Since February I’ve been working on an asynchronous AWS Lambda service processing 60,000 events / second from Kinesis. Lambda provides minimal operational overhead, fast deploys, predictable pricing, and enforces many tenants of 12-factor apps, out of thee box. After working with Lambda almost daily for the past 3 months, I’m convinced it’s the future for asynchronous processing, and here’s why.

Outsourcing

Lambda removes complexity over stateful deployment models. This minimizes the surface area service engineers are responsible for. Lambda removes the need for system alerts, instance sizing, autoscaling, provisioning servers, and choosing process monitors, amongst others. There’s no SSH’ing into instances since Lambda manages them. Lambda removes infrastructure reducing the amount a company needs to manage and reason about. In VM or container based deployments service teams are responsible for keeping services up and running 24x7 365. With Lambda, scheduling and execution becomes Amazon’s responsibility. A companies responsibility is minimized to ensure that their Lambda functions work correctly, and can keep up with throughput, and costs are bound.

There’s an opportunity cost with keeping processes running. Time spent on instance maintenance and process upkeep is time not spent on other work. Although I don’t have any concrete metrics on the break down of time in a serverless vs non-serverless systems, but I would have expected to SSH into a system some amount of times in the last 3 months, especially for a system of this level of throughput. Other sources of time saved are:

  • provisioning servers
  • reproducing environments locally
  • monitoring processes

All of these result in time saved when using Lambda. Anecdotally, I feel like I’ve saved 10–15% of time in just not having to manage servers, concurrency, scaling, alerting, OS upgrades, integrations, etc.

Reliability

Amazon is better at running distributed systems than most of the the industry. They devote a huge amount of resources and budget to ensuring they are. Lambda minimizes the surface area of components that can fail. It would be naive to think that Amazon doesn’t go down because it does, but there are just less moving parts on a Lambda consumer’s end. Lambda shifts the operational complexity to Amazon, who’s core competency is to execute Lambdas reliably. Additionally, Amazon has more resources to mobilize when there are customer facing issues.
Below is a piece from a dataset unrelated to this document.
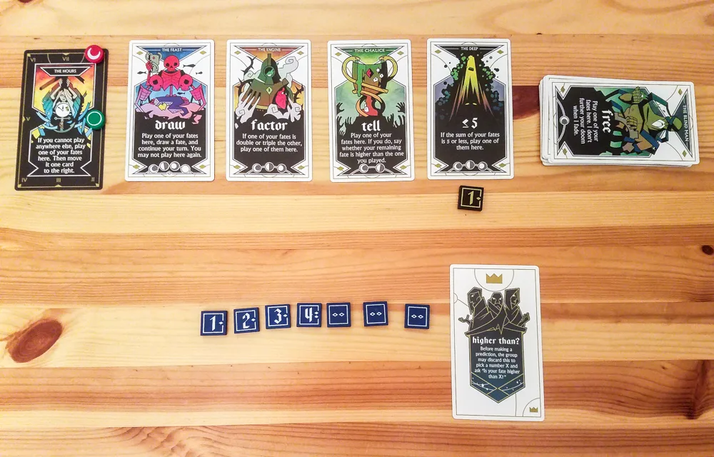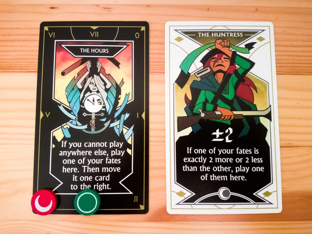 Sometimes none of the Arcana cards on the table can legally be used. In those cases, you place the Fate token on The Hours card. This actually does give your teammates information, though, since they’ll know you couldn’t place the Fate token on any of the other cards. After your teammates have seen you’ve placed the Fate token on The Hours card, you’ll then move it to the Arcana card directly next to The Hours card.
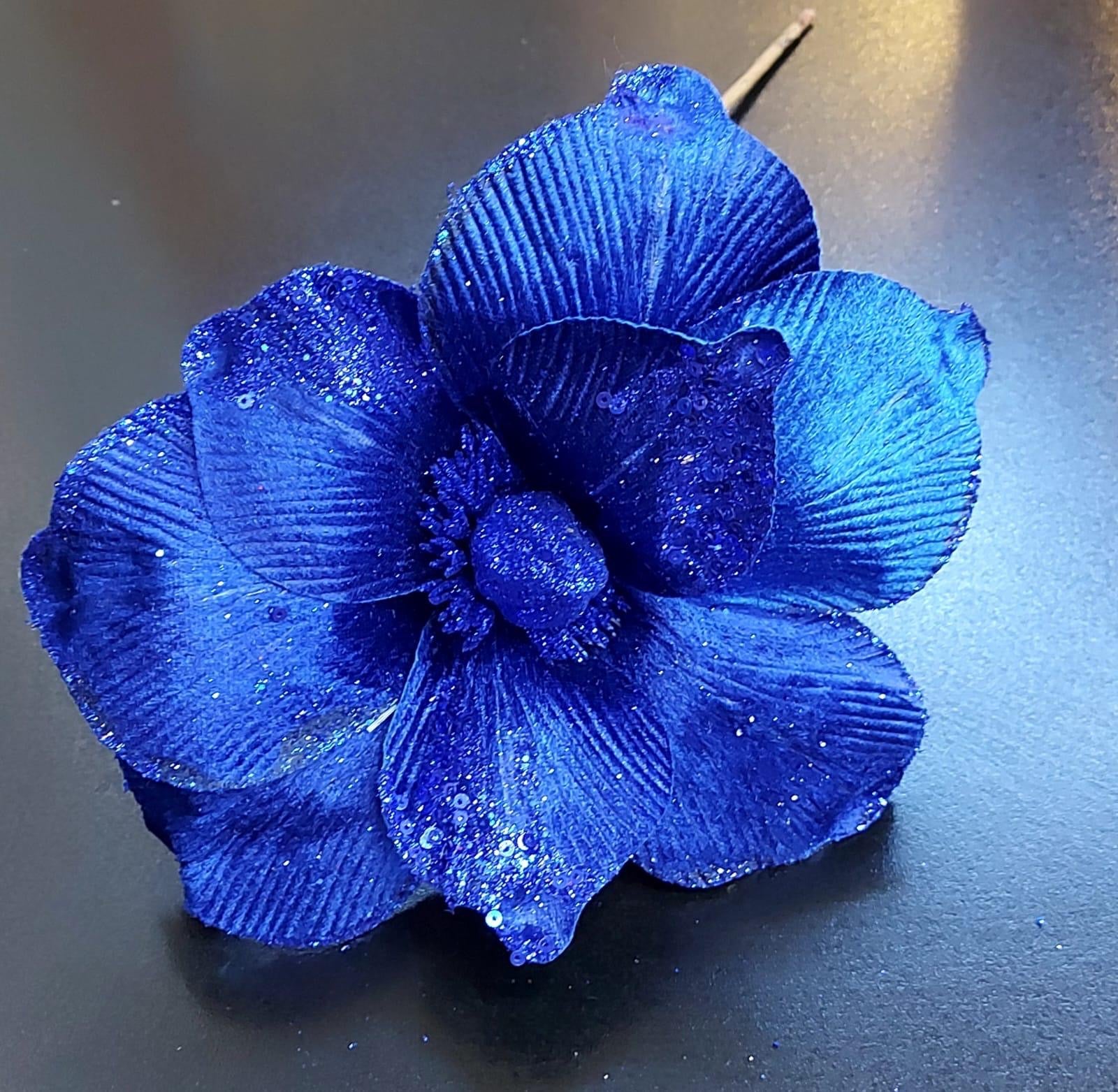 Adaugă un accent spectaculos bradului de Crăciun cu aceste flori decorative albastre royal. Realizate din material textil satinat și decorate manual cu paiete și sclipici albastru intens, oferă un efect elegant și modern în orice decor.

Outsourcing infrastructure to Amazon also changes the dynamic of the issues that customers encounter. Instead of servers, processes and scaling, it shifts issues to a higher level — closer to the business domain. Lambda shifts the failure domain up a level of abstraction to one that is closer to the business and the consumer’s domain.

Predictable Pricing

The service I work with is cheaper to run on Lambda than EC2. Lambda is especially good for bursty traffic since it can idle down to 0 resources. Even if it’s not cheaper in all cases, Lambda is more predictable and simple. Lambda billing is based on the number of invocations and the duration of each invocation. Measure how long the Lambda takes on average, and multiple that by the projected throughput. Amazon also supports “Provisioned Concurrency” which keeps a certain number of Lambdas ready for execution, which adds another dimension to price.

I have found this to be significantly simpler than cost projections using long lived resources. Accurately performing cost projections on long lived resources requires benchmarking in a prod-like environment to understand throughput. It requires correct instances sizing and monitoring of system level resources, which is time consuming and a largely manual process. Any changes to instances sizing, or shifting workloads necessitates repeating this process! The simplicity and predictability of pricing makes it trivial for anyone to perform Lambda price projections at the beginning of projects, and for the company to understand how costs will scale with traffic.

Deployment velocity

Lambda deployment only requires:

Package a Lambda function as a zip file and put it in a known S3 location

That’s it. The next Lambda invoked will use the most recent s3 zip file. Any current Lambdas will finish their invocations and then use the new code. This enables rapid feedback. It also makes rollbacks trivial; just put a previous version of the zip file in s3. In my experience deploying a lambda takes < 1 minute!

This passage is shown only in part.